Problem requirements.
Starting at the first line of the data and ending at the line with "Kolsuz, pastel pembe", copy each line exactly. Include both of those lines, but no pictures.

-- Dataset section follows --

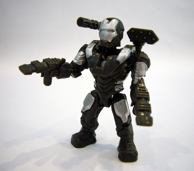 While Iron Man has the more interesting look, he doesn't have any accessories of his own. War Machine on the other hand has a shoulder rig that plugs into the hole in its back. The included gatling cannon and missile launcher pod then plug into the top of the rig. For even more firepower War Machine has two identical handheld weapons!
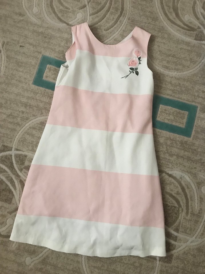 Kolsuz, pastel pembe ve beyaz renklerde, göğüs kısmında nakışlı çiçek detayı bulunan, askısız yakalı ve normal kesim kız elbisesi.
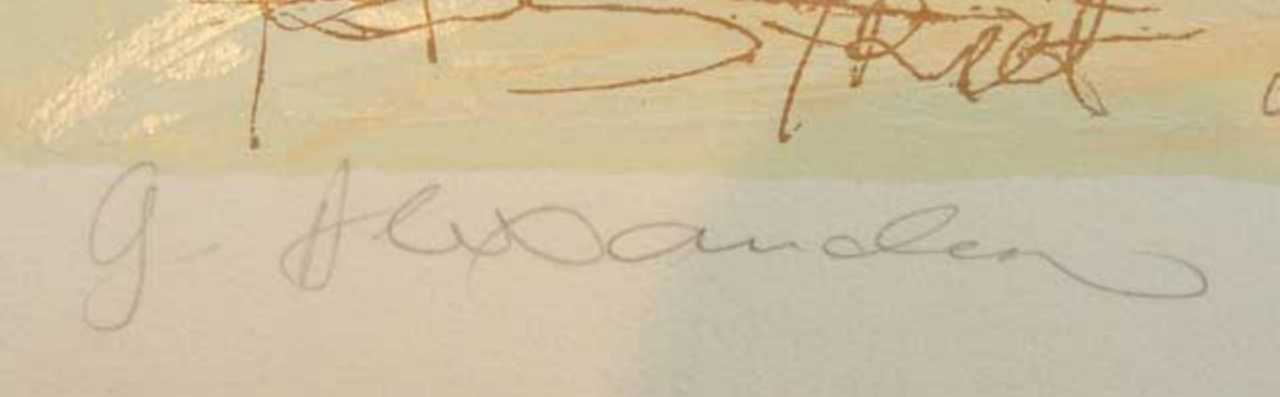 Artist: Alexander & Wissotzky - Title: Waiting for a Happening - Medium: Serigraph on Paper - Signature: Hand-signed by the Artist - Limited Edition: 295 - Image Size: Approximately 29 inches x 44 inches - Framed: Unframed - Details: This work comes with a Certificate of Authenticity - The work of Alexander and Wissotzky has received critical acclaim and success in both Israel and abroad and can be found in public and private collections all over the world. Sadly, Tanya Wissotzky lost her battle with cancer in November of 2006.Alexander Galtchansky has also passed away just a few years later.

-- Dataset section concluded --

Task solution.
 While Iron Man has the more interesting look, he doesn't have any accessories of his own. War Machine on the other hand has a shoulder rig that plugs into the hole in its back. The included gatling cannon and missile launcher pod then plug into the top of the rig. For even more firepower War Machine has two identical handheld weapons!
 Kolsuz, pastel pembe ve beyaz renklerde, göğüs kısmında nakışlı çiçek detayı bulunan, askısız yakalı ve normal kesim kız elbisesi.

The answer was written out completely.